The Public Company Accounting Oversight Board has approved a new proposal to expand the current pass-fail audit report in a way that would give investors more information about what auditors do and what they learn during the course of their work.

It is the board’s second try at a standard that would require auditors to identify and explain in the audit report “critical audit matters” that arose during the course of each audit. Concerns over of the first proposal, issued in 2013, centered on whether it would prompt auditors to disclose information that even management is not required to share with investors, and whether it gave auditors too broad of a definition of what they might need to explain.

The new proposal would define CAMs as any matter communicated or required to be communicated to the audit committee that both relates to accounts or disclosures that are material to the financial statements and involved “especially challenging, subjective, or complex auditor judgment,” according to the PCAOB. The standard would provide factors for auditors to consider to help them determine whether a matter should be identified as a CAM. The new definition compared with that in the earlier proposal would limit the potential number of CAMs that auditors would be required to disclosed.

In the audit report, the auditor would be required to identify the CAM, describe the reasons it was identified as a CAM, describe how it was addressed in the audit, and tie the CAM to financial statement accounts and disclosures.

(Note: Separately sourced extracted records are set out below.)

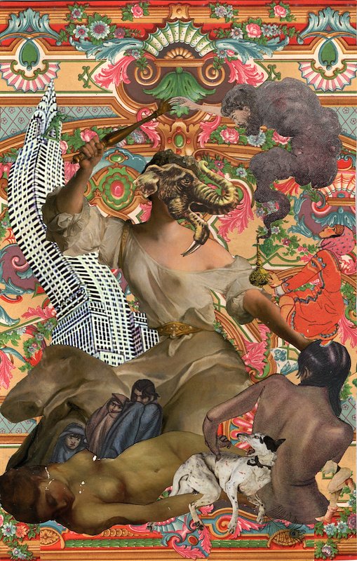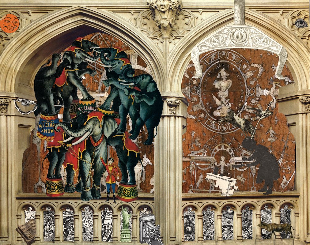 Washing the Elephant, hand cut collage, 7.5 x 6.5 inch (SOLD)
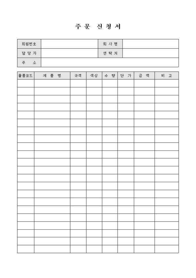 9,000원/월필요한 제품의 규격, 색상, 수량, 단가, 금액 등의 사항을 작성하여 제품을 주문하는 주문 신청서 서식입니다.
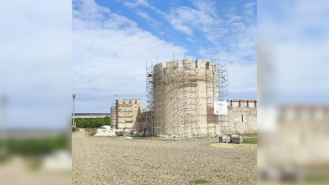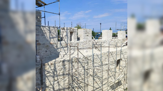 Завершив эти работы, турецкие специалисты приступили к самому главному этапу реставрации – подготовке первых трёх башен западной стены к установке деревянной крыши. Прежде всего нужно восстановить каменные зубцы на башнях, на которые потом установят деревянные балки.
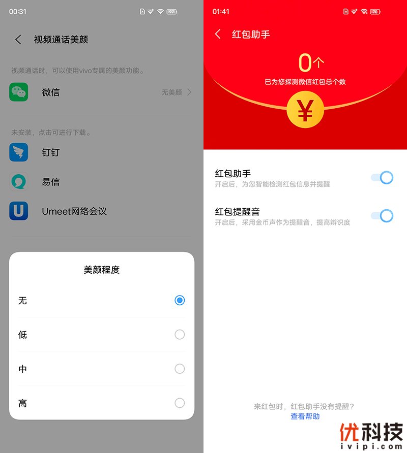 OriginOS内还支持视频通话美颜功能,并且具有多档美颜可选,用户可以轻易的选择适合自己的模式,同时在系统内还支持红包助手功能,开启后即便是用户平时比较忙碌,有红包助手在也不会错过群里的每一个红包。

In addition to the CAM requirements, the new audit report would contain clarifications around existing auditor duties, especially with respect to independence and fraud. It also would require the audit firm to say how long it’s been the company’s auditor.

Investor feedback to the board’s 2013 proposal confirmed that the board would be wise to retain the current pass-fail model, where auditors do not grade a company’s financial statements but simply assert that they pass or fail in terms of fairly presenting the company’s financial status, said PCAOB Chairman James Doty. “But in today’s complex economy, and particularly in light of lessons learned after the financial crisis, investors want a better understanding of the judgments that go into an opinion,” he said. “Not a recitation of the standard procedures that apply to any audit, but the specific judgments that were most critical to the auditor in arriving at the opinion.”

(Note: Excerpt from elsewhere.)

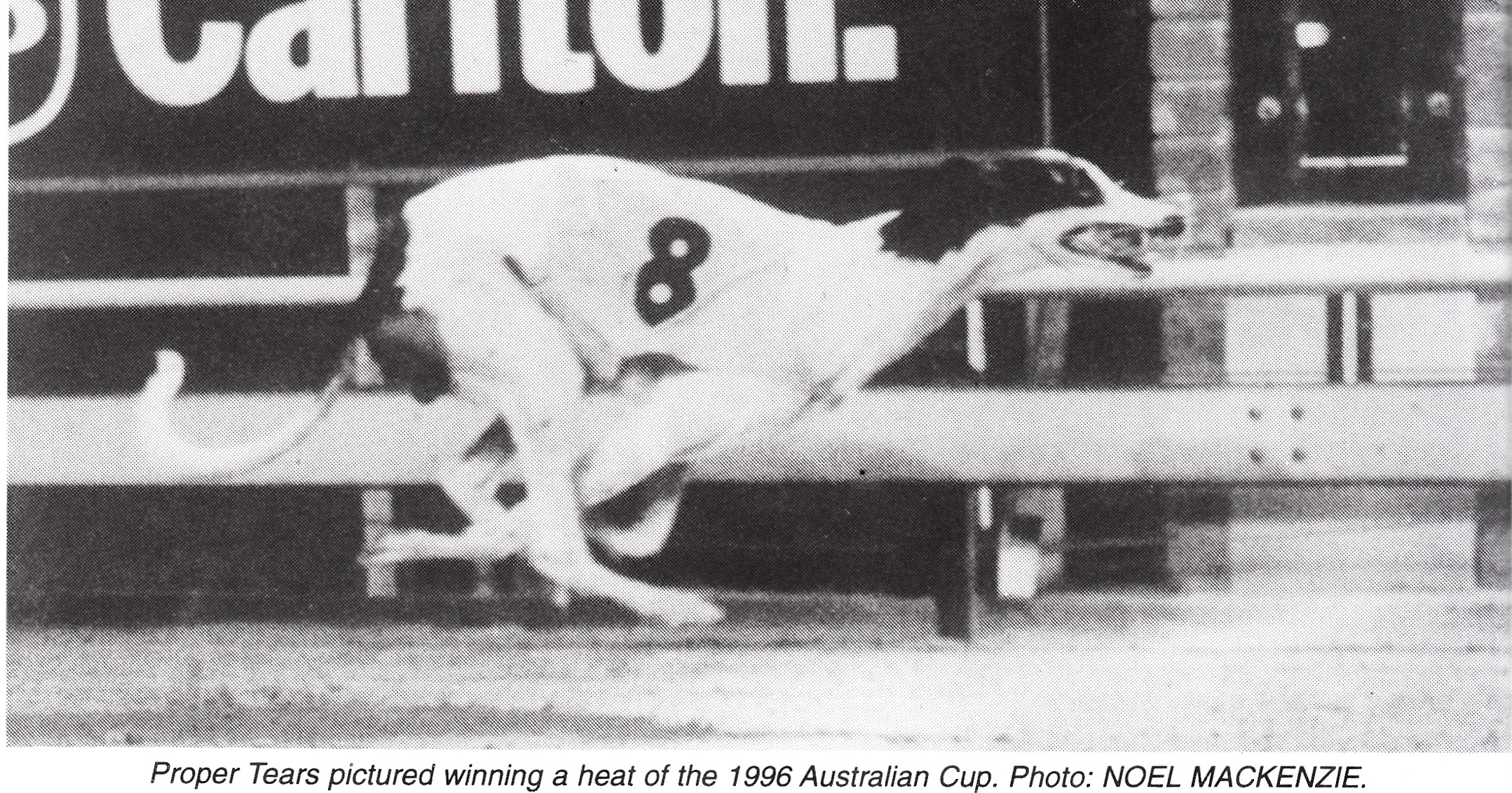 A very quick dog of the early 90’s Proper Tears. Successful stud career produced 289 litters for 978 pups. Best that come to mind Big Sam Banner, Give Me Dosh, Woy Woy Boy, Big Bad Raymond and Luther and Cawbourne Frank.
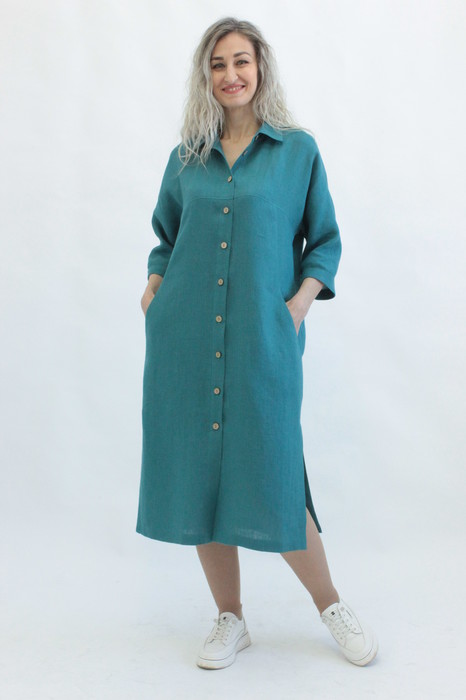 Платье-рубашка свободного кроя с воротником на стойке. Рукав цельнокроенный Вѕ с притачной манжетой. В рельефных швах переда карманы. Застёжка на петлю, пуговицу. По бокам разрезы. Длина изделия 114 см.

PCAOB member Steve Harris is eager to see the proposal adopted. “It is well past time that investors, the real clients of the auditor, who ultimately pay for the audit and depend upon its veracity, receive a report that meets their legitimate expectations and needs,” he said.

Injecting a measure of humor into the discussion of how audit reports could say more than they do today, PCAOB member Jay Hanson recited a poem credited to Ira McGladrey, founder of the audit firm where Hanson spent his career:

We have audited the balance sheet and here is our report:

The cash is overstated, the cashier being short.

The customers' receivables are very much past due.

If there are any good ones they are very, very few;

The inventories are out of date and practically junk,

And the method of their pricing is very largely bunk.

According to our figures the enterprise is wrecked.

But subject to these comments, the balance sheet's correct.